31. In buttressing the foregoing, the Court of Appeal in Kenneth Nyaga Mwige v Austin Kiguta & 2 others (2015) eKLR rightly so held as follows: -18. The mere marking of a document for identification does not dispense with the formal proof thereof. How does a document become part of the evidence for the case? Any document filed and/or marked for identification by either party, passes through three stages before it is held proved or disproved. First, when the document is filed, the document though on file does not became part of the judicial record. Second, when the documents are tendered or produced in evidence as an exhibit by either party and the court admits the documents in evidence, it becomes part of the judicial record of the case and constitutes evidence; mere admission of a document in evidence does not amount to its proof; admission of a document in evidence as an exhibit should not be confused with proof of the document. Third, the document becomes proved, not or disproved when the court applies its judicial mind to determine the relevance and veracity of the contents- this is at the final hearing of the case. When the court is called upon to examine the admissibility of a document, it concentrates only on the document. When called upon to form a judicial opinion whether a document has been proved or disproved or not proved, the court would look not at the document alone but it would take into consideration all facts and evidence on record. (emphasis added).
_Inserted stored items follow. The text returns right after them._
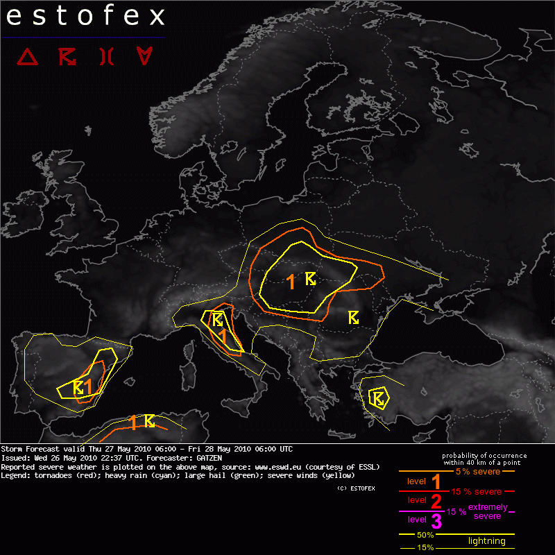 A level 1 was issued for central Italy mainly for large hail and tornadoes.Valid: Thu 27 May 2010 06:00 to Fri 28 May 2010 06:00 UTC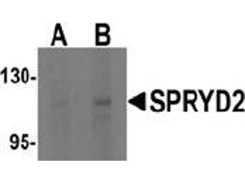 SPRYD2, also known as Myospryn, was originally identified as the muscle-specific partner of dysbindin and as a Mef-2 target gene. It is a large scaffolding protein localized to the Z-disc/costamere region of striated muscle. SPRYD2 includes a noncanonical tripartite motif (TRIM-like) that lacks the RING domain but consists of a B-box coiled coil (BBC), fibronectin 3 (FN3) repeats, and SPRY domains. SPRYD2 interacts with desmin and calcineurin, and it has been suggested to play a role in the biogenesis of lysosome and negatively regulates slow-fiber-type transformation and skeletal muscle regeneration. SPRYD2 is dysregulated in Duchenne muscular dystrophy.Synonyms: C5orf10, CMYA5, Cardiomyopathy-associated protein 5, DTNBP2, Dystrobrevin-binding protein 2, Genethonin-3, SPRY domain-containing protein 2, SPRYD2, TRIM76, Tripartite motif-containing protein 76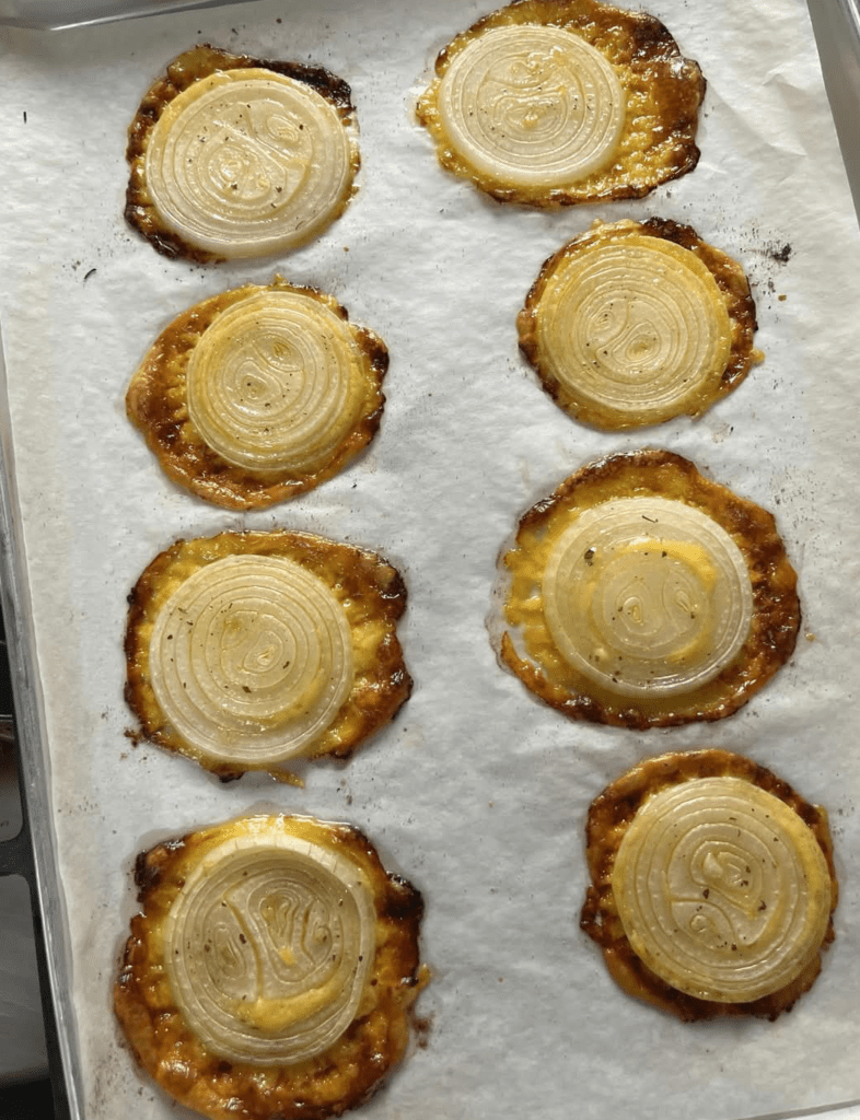 - Create cheese mounds on sheets, press onion rounds on top, and sprinkle with ranch seasoning.

32. As said, the need for and the cost of the future medical treatment were well pleaded and proved in this matter. In such a case, the claim ought to have been granted.
33. It is on the basis of the above that this Court finds that the Learned trial Magistrate, with tremendous respect, erred in disallowing the claim.
34. The upshot is that the appeal on this limb succeeds.
35. In this appeal, whereas the Appellant was not successful in overturning the award on general damages, he triumphed on the award on future medical expenses.
36. In the end, the final determination of the appeal is as follows: -a.Liability is apportioned at the ratio of 15%: 85% in favour of the Appellant as against the Respondent.b.General damages for pain, suffering and loss of amenities awarded in the sum of Kshs. 500,000/=.c.Special damages awarded at Kshs. 6,000/=.d.Future Medical expenses awarded at Kshs. 200,000/=.e.The Appellant shall have the costs of the suit and the appeal together with interest at Court rates.f.For avoidance of doubt, the sums awarded are subject to the liability apportionment.Orders accordingly.
DELIVERED, DATED AND SIGNED AT KAPENGURIA THIS 6TH DAY OF JULY, 2023. A. C. MRIMAJUDGEJudgment delivered virtually and in the presence of:Miss. Warigi, Learned Counsel for the Appellant.Mr. Omwenga, Learned Counsel for the Respondent.Regina/Chemutai – Court Assistants.